The purpose of this study was to evaluate patients with VHL-associated pheochromocytoma, to determine the youngest age of onset, the biochemical profile of VHL-associated pheochromocytomas, and the risk of contralateral lesions and recurrent disease.
Materials and Methods
We conducted a retrospective analysis of a prospective natural history study of patients with VHL enrolled at the National Cancer Institute (clinicaltrials.gov: NCT00062166) from 2002 to 2015. This study was approved by the National Cancer Institute's Institutional Review Board. Patients gave written informed consent.
Patient population
Two hundred seventy-three patients diagnosed with VHL were enrolled in the study; 189 patients did not have or develop adrenal pheochromocytoma and 84 patients (31%) had a history or developed a pheochromocytoma during the study period. Clinical, demographic, laboratory, and histopathologic data were collected prospectively. However, data on previous pheochromocytoma diagnosis and treatment before study enrollment was also ascertained but laboratory data points were not available for 46 of 84 patients. Patients had annual follow-up with 24-hour urinary and serum catecholamines and metanephrine measurements. Patients were all taken off any medications known to interfere with the testing for catecholamines, metanephrines, and vanillylmandelic acid. All patients had annual imaging with computed tomography (CT) or magnetic resonance imaging (MRI) scan to monitor for renal and pancreatic manifestations of VHL, and adrenal specific anatomic imaging when the catecholamine and or metanephrine levels were greater than two times the upper limit of normal (ULN).

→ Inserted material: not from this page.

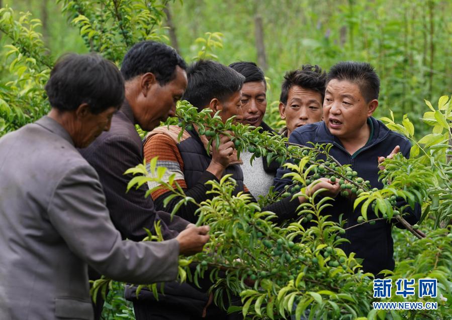 派駐到布拖縣覺(jué)撒鄉(xiāng)的幫扶干部楊永林(右一)在博作村帶領(lǐng)村民查看茵紅李掛果情況(6月22日攝)。新華社記者 江宏景 攝

Pediatric patients were defined as younger than 19 years old at diagnosis of the first pheochromocytoma. Primary pheochromocytoma was defined as the first pheochromocytoma diagnosed, second primary pheochromocytoma was defined as tumor development in the contralateral adrenal, and recurrence was defined as pheochromocytoma development in a previously operated adrenal gland/adrenal bed or metastatic disease. Follow-up was defined from the date of initial pheochromocytoma diagnosis to the date of last follow-up in patients with pheochromocytoma and from the date of VHL diagnosis to date of last follow-up for patients without pheochromocytoma. Laboratory values are reported as normal, elevated, two times the ULN and four times the ULN of the reference range as the reference laboratory values changed during the study period. Normal values were defined as a value that was below the ULN for a given test and elevated was defined as a laboratory value that was greater than the ULN but less than two times the ULN for a given test. Two times the ULN was defined as a value that was greater than two times the upper limit but less than four times, and four times the ULN was defined when the value exceed four times the ULN. These cutoffs were defined arbitrarily for data analysis.
Statistical analysis
Statistical analyses were performed using GraphPad Prism 5 software (GraphPad Software). Parametric and nonparametric data were analyzed using a two-tailed t test and the Mann-Whitney U test, respectively. Two-tailed P < .05 was considered statistically significant. Data are presented as mean ± SD or median (range).
Results
Eight-four (31%) of 273 patients with VHL enrolled in the clinical protocol were diagnosed with a pheochromocytoma during a median follow-up of 116.6 weeks (range, 0.1–613.2 weeks). There were 189 patients enrolled in the protocol who did not develop a pheochromocytoma over a median follow-up of 203.8 months (range, 0.7–912). The demographics and clinical characteristics of the study cohort are summarized in Table 1. Eighty-three (99%) patients diagnosed with pheochromocytoma underwent surgical resection. Sixty-two (75%) patients presented with a unilateral adrenal pheochromocytoma and 13 (16%) presented with bilateral adrenal pheochromocytomas. Seventeen (20%) patients developed a contralateral second primary tumor requiring adrenalectomy, and five of 17 of these patients had hypertension. The median interval between the first and second primary pheochromocytoma was 4.2 years (range, 0.21–28 years). Table 2 shows the time interval between the development of the first and second primary tumor in each patient.
Table 1.
Demographic and Clinical Characteristics of Study Cohort (n = 273)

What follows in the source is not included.